Microsoft co-founder gives Bitcoin credit for dramatic changes in global finances but believes it will not be the dominant system in the future

Bill Gates articulated his views on digital currency in a series of interviews that accompanied the release of the Bill and Melinda Gates Foundation’s annual letter to the public. A substantial part of this year’s letter focuses on the problem of people in Africa who have no access to banks. Gates believes that mobile banking will help those people transform their lives.

“Poor people don’t have bank accounts and so when they have an emergency [or] they want to borrow or save, it’s very tough. [With] small transactions, the fees are just too high when you have banks and ATMs and all that. If we take the cellphone and just use digital currency, then you can have all those financial services”, he told Jimmy Fallon on The Tonight Show.

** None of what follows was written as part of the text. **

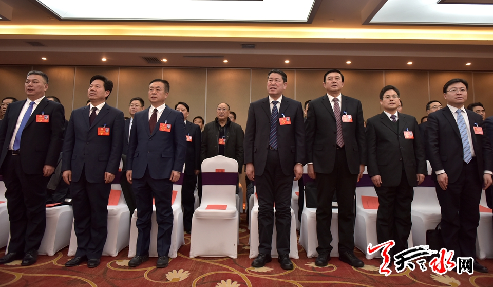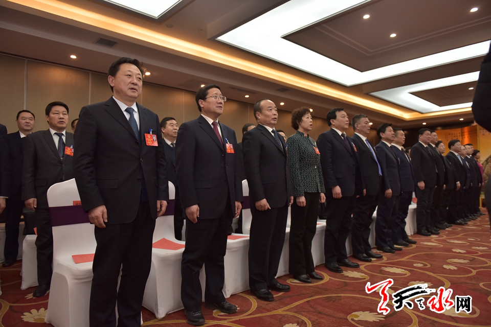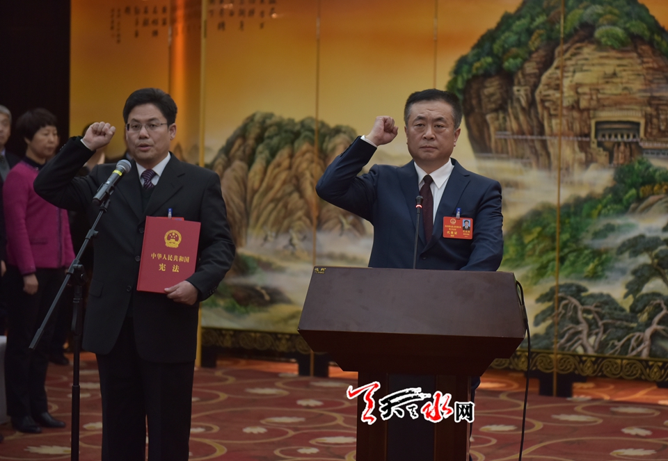 1月9日,天水市第七届人民代表大会第三次会议举行宪法宣誓仪式,市委书记王锐主持宣誓仪式,在市七届人大三次会议上当选的市人大常委会主任蒋晓强和市监察委员会主任王国先向《宪法》进行了郑重宣誓。天天天水网记者何永德 杨旭 摄

Later, Gates reiterated his position in an interview to Backchanell. The philanthropist suggested that existing digital currencies as well as mobile platforms like bKash and M-Pesa (supported by the Gates Foundation in the past) will not address the problem in full.

“There’s a lot that Bitcoin or Ripple and variants can do to make moving money between countries easier and getting fees down pretty dramatically. But Bitcoin won’t be the dominant system. When you talk about a domestic economy, [you must have] the idea of attributed transactions, where if you sent it to the wrong person you can actually get the transaction reversed. [And a traditional system] doesn’t have this huge fluctuation where the value of your account is going up and down by a factor of two. We need things that draw on the revolution of Bitcoin, but Bitcoin alone is not good enough”.

In October 2014, Gates called Bitcoin “exciting” in an interview on Bloomberg TV and praised its ability to provide a relatively low-cost transaction network. However, he expressed some doubts regarding the possibility of mainstream adoption of bitcoin due to its anonymity and associations with terrorism and money laundering. In December 2014, Microsoft added bitcoin as a payment option for purchasing Xbox games and mobile content.